• **Work instruction**
Set down the data below without change, skipping the pictures it holds.
Provided data: Begin
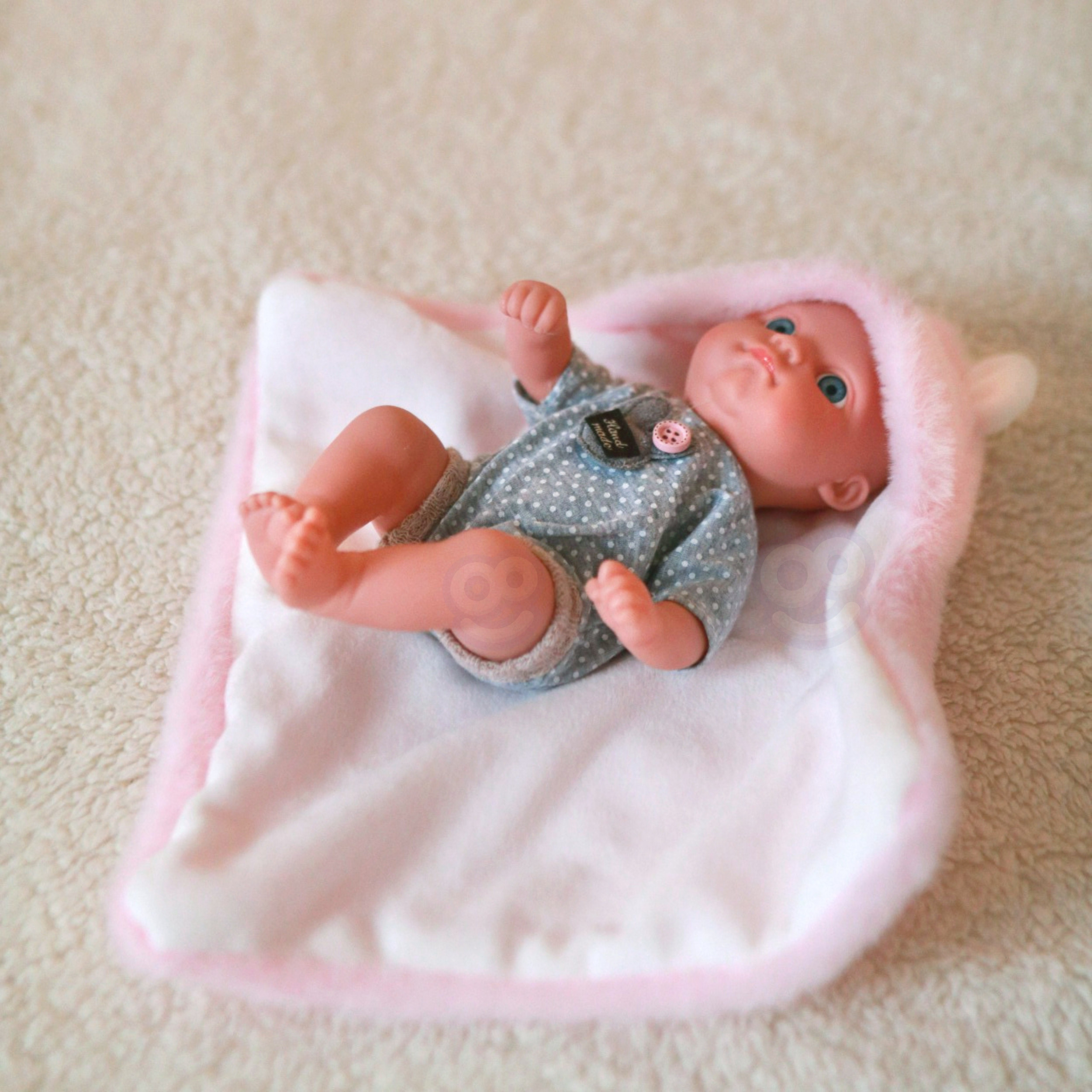 Ta urocza laleczka ma buzię, która zawsze jest gotowa na uśmiech i spojrzenie pełne ciepła. Jej realistyczne rączki, stópki i buzia i reszta ciała wykonane są z miękkiej gumy, ubrana w uroczy rampers hand made, idealna do przytulania. Bobas wyposażony jest w różowy kocyk, który zamienia się w namiot, nosidełko lub po prostu idealne okrycie na zimne dni. Dodatkowo, kocyk z uszkami sprawia, że lalka staje się jeszcze bardziej urocza i niepowtarzalna.
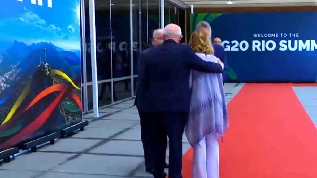 当然在这次G20峰会上意大利美女总理可以说成了香饽饽,不仅拜登看到他懒肩膀,作为这个峰会的东道主巴西总统看到意大利美女总理也揽腰揽背,还贴脸问候。据悉在昨天峰会欢迎仪式上,意大利美女总理打扮可是非常时尚,一件紫色的披风搭配白色休闲裤闪耀登场。意大利美女总理出场不仅造型时尚连走路也超级有范,她的到来就像是模特走红毯一样。
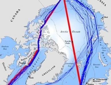 图中的红线表示大西洋与太平洋之间的快速捷径航线 研究人员发现北极可打通一条意...
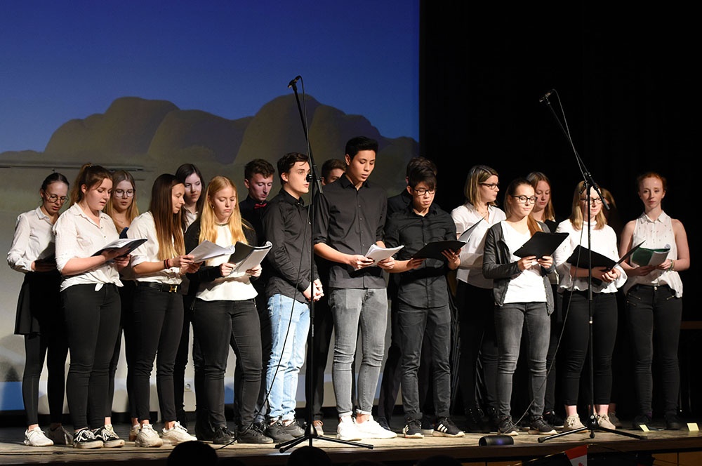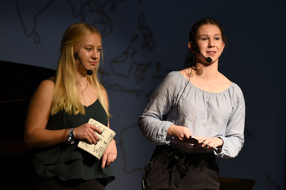 Auf eine „Reise um die Welt“ lud die Q2 am Sonntag den 25.11. in die Aula ein. Der Bunte Abend bot Theater, Tanz, Musik und die Präsentation und Versteigerung mehrerer Kunstwerke. Jedem Auftritt war ein Land zugeordnet, sodass die Moderatorinnen die einzelnen Programmpunkte zu einer Reise durch alle fünf Kontinente zusammenfügten.
Provided data: End
• **Task result**
 Ta urocza laleczka ma buzię, która zawsze jest gotowa na uśmiech i spojrzenie pełne ciepła. Jej realistyczne rączki, stópki i buzia i reszta ciała wykonane są z miękkiej gumy, ubrana w uroczy rampers hand made, idealna do przytulania. Bobas wyposażony jest w różowy kocyk, który zamienia się w namiot, nosidełko lub po prostu idealne okrycie na zimne dni. Dodatkowo, kocyk z uszkami sprawia, że lalka staje się jeszcze bardziej urocza i niepowtarzalna.
 当然在这次G20峰会上意大利美女总理可以说成了香饽饽,不仅拜登看到他懒肩膀,作为这个峰会的东道主巴西总统看到意大利美女总理也揽腰揽背,还贴脸问候。据悉在昨天峰会欢迎仪式上,意大利美女总理打扮可是非常时尚,一件紫色的披风搭配白色休闲裤闪耀登场。意大利美女总理出场不仅造型时尚连走路也超级有范,她的到来就像是模特走红毯一样。
 图中的红线表示大西洋与太平洋之间的快速捷径航线 研究人员发现北极可打通一条意...
 Auf eine „Reise um die Welt“ lud die Q2 am Sonntag den 25.11. in die Aula ein. Der Bunte Abend bot Theater, Tanz, Musik und die Präsentation und Versteigerung mehrerer Kunstwerke. Jedem Auftritt war ein Land zugeordnet, sodass die Moderatorinnen die einzelnen Programmpunkte zu einer Reise durch alle fünf Kontinente zusammenfügten.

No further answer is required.